Vaile v. Porsboll
268 P.3d 1272
Nev.2012Background
- Nevada district court divorce decree incorporated the parties’ separation agreement on child support, using an income-based formula.
- Vaile largely complied early, paying $1,300/month from Aug 1998 to Apr 2000, then ceased payments.
- In Nov 2007, Porsboll sought a fixed monthly amount and arrears judgment in Nevada court, asking to set $1,300/month and reduce arrears to judgment.
- At filing time, neither party nor the child resided in Nevada, and no consent to Nevada jurisdiction over modification was shown.
- The district court set Vaile’s obligation at $1,300/month and calculated arrears/penalties, prompting appeals on enforcement/modification and penalties.
- Nevada UIFSA controls; the court held the Nevada order could be enforced but could not be modified absent consent or a modifying order issued under UIFSA.
Issues
| Issue | Plaintiff's Argument | Defendant's Argument | Held |
|---|---|---|---|
| Whether the district court had jurisdiction to enforce/modify given nonresidency | Vaile argued lack of subject matter jurisdiction to modify. | Porsboll contended the court could enforce and modify under UIFSA. | Nevada could enforce but not modify without consent or another state's modification. |
| Whether Nevada order is the controlling order under UIFSA | Vaile asserted no other state’s order overrides Nevada’s. | Porsboll argued the Nevada order remained controlling until properly modified. | Nevada order controls as the sole order and has continuing enforcement jurisdiction. |
| Whether setting a sum certain of $1,300/month was a modification or a clarification | Vaile claimed it was a clarification of existing rights. | Porsboll argued it clarified the amount due under the decree. | The district court’s $1,300/month determination constituted a modification, not a mere clarification. |
| If modification occurred, did the district court have authority to modify under UIFSA | Modification violates UIFSA since parties/child not in Nevada and no consent. | Modification could be permissible if jurisdiction and controlling order permitted it. | District court impermissibly modified; lacked authority to change the original amount. |
Key Cases Cited
- Collins v.
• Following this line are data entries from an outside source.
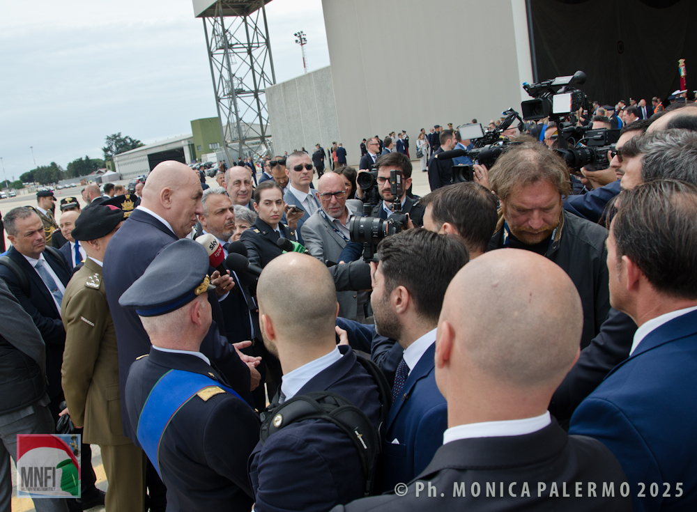 Il capo di Stato Maggiore della Difesa, generale Luciano Portolano, nel corso del suo intervento ha ricordato l’impegno continuo e la versatilità dell’Aeronautica Militare sotto la guida del generale Goretti, evidenziandone il ruolo cruciale in missioni nazionali e internazionali “l’approccio multidimensionale e collaborativo che ha caratterizzato l’operato dell’Aeronautica Militare durante il mandato del Generale di Squadra Aerea Goretti, durante il quale la Forza Armata ha assicurato, senza soluzione di continuità, le funzioni di difesa aerea nazionale e dello spazio aereo alleato, di sorveglianza, ricognizione, trasporto e supporto alle operazioni e missioni in cui siamo stati e siamo ancora oggi impegnati. Periodo durante il quale, ha proseguito il Capo di Stato Maggiore della Difesa, l’Aeronautica militare si è distinta anche per la sua versatilità garantendo, insieme alle altre Forze Armate, la sicurezza di grandi eventi, ultimi dei quali le esequie di Papa Francesco e il successivo conclave del 7 e dell’8 maggio, che ha portato all’elezione di Papa Leone XIV”.
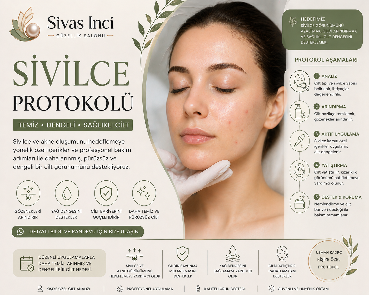 Cilt analizi ile kişiye özel planlama yapılır Cilt derinlemesine temizlenir ve arındırılır Sivilce ve akne görünümüne yönelik profesyonel içerikler uygulanır Cilt yatıştırılır ve nem dengesi desteklenir
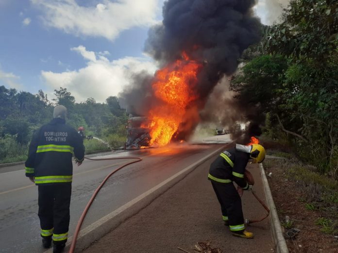 Uma carreta carregada com 30.300 kg de açaí pegou fogo na BR-153 próximo de Paraíso do Tocantins, na região central do estado, na manhã deste sábado (19). A cabine e os pneus do veículo foram completamente destruídos pelas chamas, mas parte da carga foi preservada.
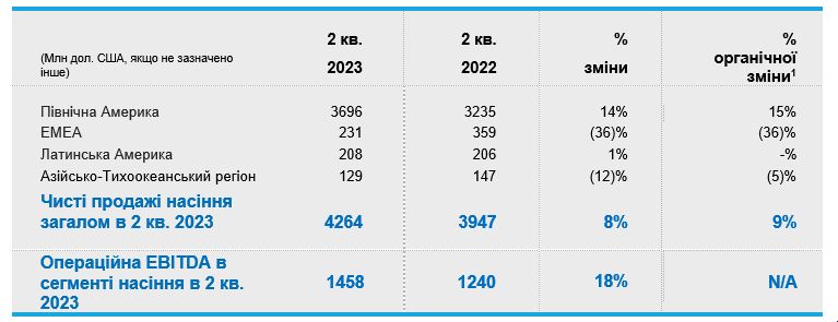 У першому півріччі 2023 року чистий обсяг продажів насіння склав 7 млрд дол. США, що вище за 6,5 млрд. дол. США у першому півріччі 2022 року. Приріст продажів зумовлений зростанням цін на 14% та сприятливим впливом портфелю на 2%, що було частково нівельовано зменшенням обсягів на 5% і несприятливим впливом валюти на 3%.

Billow, 592 S.E.2d 843 (Ga. 2004) (modification vs. clarification analysis for sum-certain payments)
- Stoelting v. Stoelting, 412 N.W.2d 861 (N.D. 1987) (distinguishing modification from clarification in divorce decree context)
- Jarvis, 792 P.2d 1259 (Wash. Ct. App. 1990) (modification vs. clarification when college student case affects support)
- Nordstrom v. Nordstrom, 649 S.E.2d 202 (Va. Ct. App. 2007) (clarifies UIFSA modification boundaries and controlling order concept)
- Paschal v. Paschal, 117 S.W.3d 650 (Ark. Ct. App. 2003) (sum-certain vs. non-sum-certain distinction in divorce decree context)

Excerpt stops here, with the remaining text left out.